As stated in the post: these steps make *complete sense* if you're aiming for a ...

jchook · on June 9, 2021

One upside to writing an intermediate version that supports both the old and new representation: your data migrations are not an urgent race against the clock, or mission critical to the release.

You can decouple migrations from the release, and rest easy knowing your app is working without praying that a massive migration happens successfully and promptly.

Also since your UI or admin Interface likely lets you inspect your data in either representation, you can more naturally verify up/down migrations work in staging.

Sebb767 · on June 9, 2021

> This eliminates several steps of the process, which has the added benefit of reducing the number of places where something can go wrong.

It actually also removes some advantages. The author fails to point that out, but the advantage of these small steps is that you can roll back to the previous version at any time without loosing writes. If you find a production bug that does not impact data consistency, you can go back one version without loosing the writes that happened while the new version was up.

> To put this in context: say you guarantee 99.9% uptime - that's still 43.2 min / month of downtime available to you!
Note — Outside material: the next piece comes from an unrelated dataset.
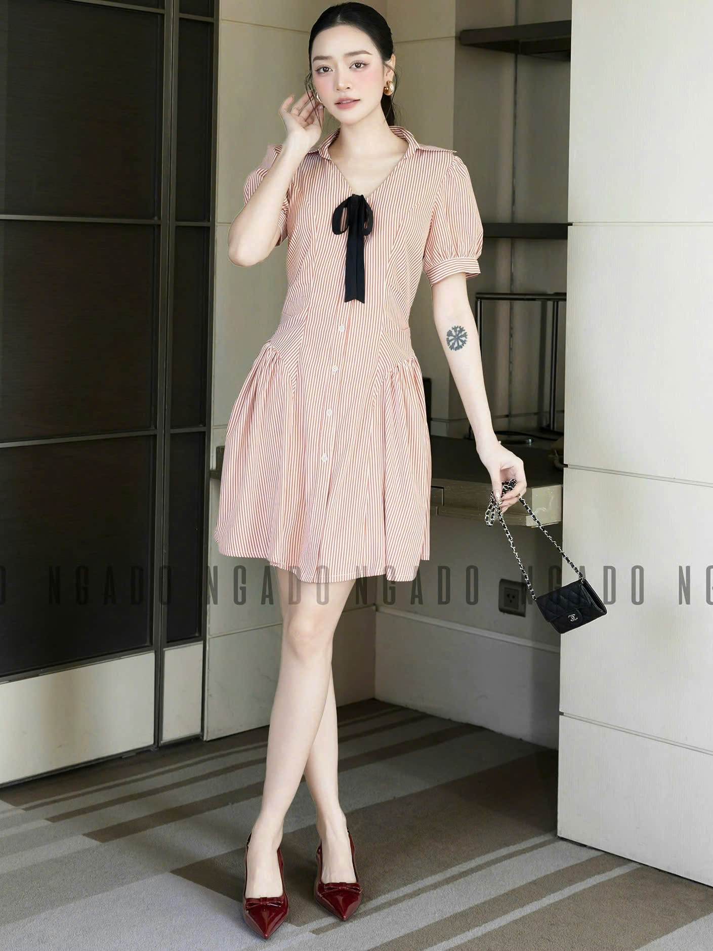 ✨Đầm sọc cam đính nơ NGADO , đầm kiểu Nữ , đầm kẻ sọc

On the other hand, there might be a fatal bug at some point and you will need 3 hours of leeway to get up & running again. Shutting down is surely the easier method, but the available downtime is usually not free real estate for updates.

candu · on June 10, 2021

To be clear: data model migrations should still be tested and scripted to the extent possible; there should still be backups in place; there should still be a way to roll back application code and data schema. Just because a team / organization decides not to do zero-downtime updates - which I'm arguing is a completely reasonable choice in a lot of cases - doesn't mean they should abandon other software engineering practices.

Looking through the comments on this post, I see a lot of conflation between "not doing zero-downtime deployments" and "seat-of-your-pants engineering", as though fully orchestrated / containerized blue-green zero-downtime deployments were the One True Way for all teams / organizations / projects, and completely inseparable from other parts of good engineering practice.

Tainnor · on June 9, 2021

There's also some DB updates that, even if strictly speaking non-backwards compatible, run in just a matter of seconds. Additionally, in postgres you can set statement_timeout, which should abort any query that takes too long.

If you have a reasonable deployment strategy, then the chance that someone will talk to your application in the exact moment that the app is in some invalid state, might be quite small.